$ u_k \leq \alpha \exp(kh\beta) $ (proof by induction ) Let $ (u_k)_{k={0,...,K}}  \subset \mathbb{R} $ be a non-negative sequence and let $ \alpha $ , $ \beta \in \mathbb{R} $ with $ \beta \geq 0 $ and $ h > 0$, so that
$$ u_k = \alpha + h\beta\sum_{l=0}^{k-1} u_l \qquad \forall k = 0,...,K$$
Show: for all $ k = 0,...,K $ the following inequality holds:
$$ u_k \leq \alpha \exp(kh\beta) $$
My attempt:
As you can read in the title I wanted to show this inequality by induction. So I have the base case:
$k=0$ :
$ u_0 = \alpha + h\beta\sum_{l=0}^{0-1} u_l = \alpha = \alpha \exp(0h\beta) $
Ok now I assume the statement is true for a $ k = 0,...,K $.
Now the inductive step:
We want:
$u_{k+1} \leq \alpha \exp((k+1)h\beta)  $
I started with the definition of $ u_{k+1} $:
$ u_{k+1} = \alpha + h\beta\sum_{l=0}^{k} u_l  = \alpha + h\beta\sum_{l=0}^{k-1} u_l + h\beta u_k = u_k + h\beta u_k = u_k ( h \beta +1) $.

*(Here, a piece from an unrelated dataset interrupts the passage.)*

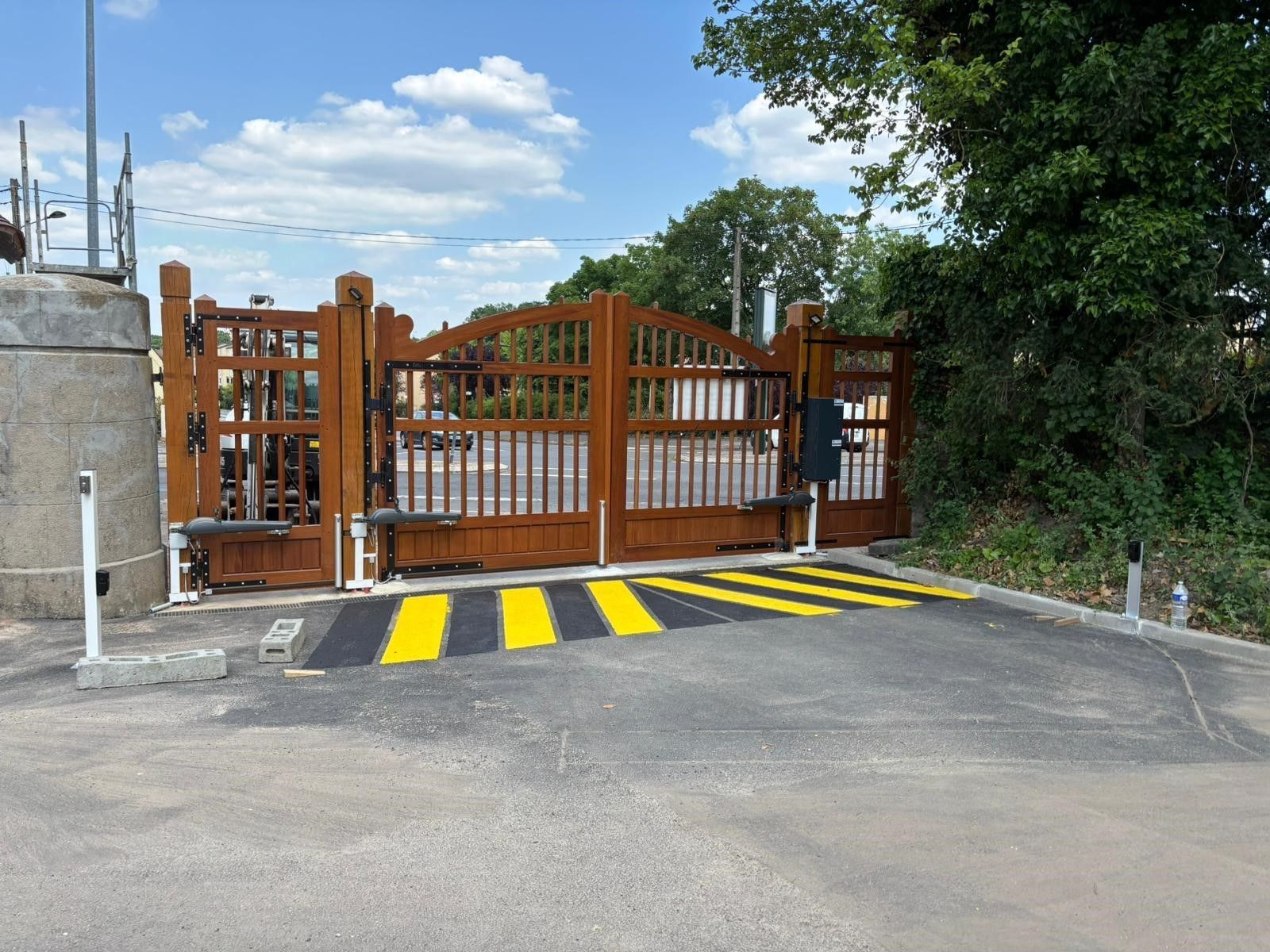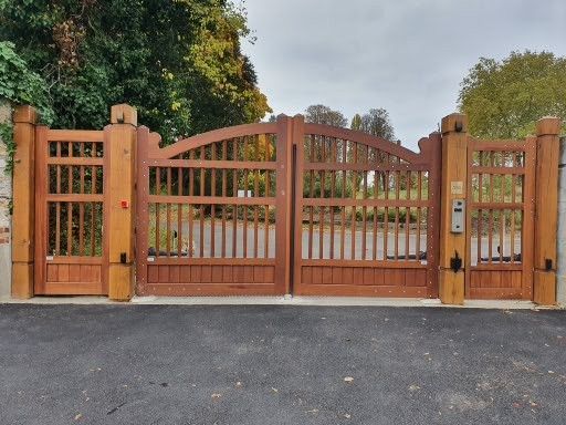 Portail en bois exotique Moabi forme cintre surbaissé à RAMBOUILLET (78) finition lasure chêne

Im not sure if I'm right at this point, but I could use my indutive hypothesis.
$ u_k ( h \beta +1) \leq \alpha \exp(kh\beta)( h \beta +1)$.
But unfortunately thats not what I want. Maybe I did something wrong? Can you help me out ?
Thank you in advance.
 A: You didn't really do anything wrong, although a fairly minor point is that your use of variables $k$ and $K$ is somewhat inconsistent. To finish your work, first note you got
$$u_{k+1} = u_k(h\beta+1) \leq \alpha\exp(kh\beta)(h\beta+1) \tag{1}\label{eq1A}$$
The problem states $u_k$ is a non-negative sequence so, with $u_0 = \alpha$, then $\alpha \ge 0$. Since $\exp((k+1)h\beta) = \exp(kh\beta)\exp(h\beta)$, with
$$h\beta + 1 \le \exp(h\beta) \implies \alpha\exp(kh\beta)(h\beta+1) \le \alpha\exp((k+1)h\beta) \tag{2}\label{eq2A}$$
it's sufficient to just prove the LHS. Since $\beta \ge 0$ and $h \gt 0$, then $x = h\beta \ge 0$. Consider
$$f(x) = e^{x}-x-1 \tag{3}\label{eq3A}$$
Note $e^x = 1 + x + \frac{x^2}{2!} + \ldots \; \to \; f(x) = \frac{x^2}{2!} + \ldots$, then $f(x) \ge 0 \; \forall \; x \ge 0$. Alternatively, $f(0) = e^{0}-0-1 = 0$ and
$$f'(x) = e^{x} - 1 \ge 0 \; \; \forall \; x \ge 0 \tag{4}\label{eq4A}$$
In either case, $\forall \; x = h\beta \ge 0$, we get $f(x) \ge 0 \; \to \; x + 1 \le \exp(x) \; \to \; h\beta + 1 \le \exp(h\beta)$. This shows the LHS of \eqref{eq2A} is true, with this completing the induction step because \eqref{eq1A} and \eqref{eq2A} combined gives $u_{k+1} \le \alpha\exp((k+1)h\beta)$.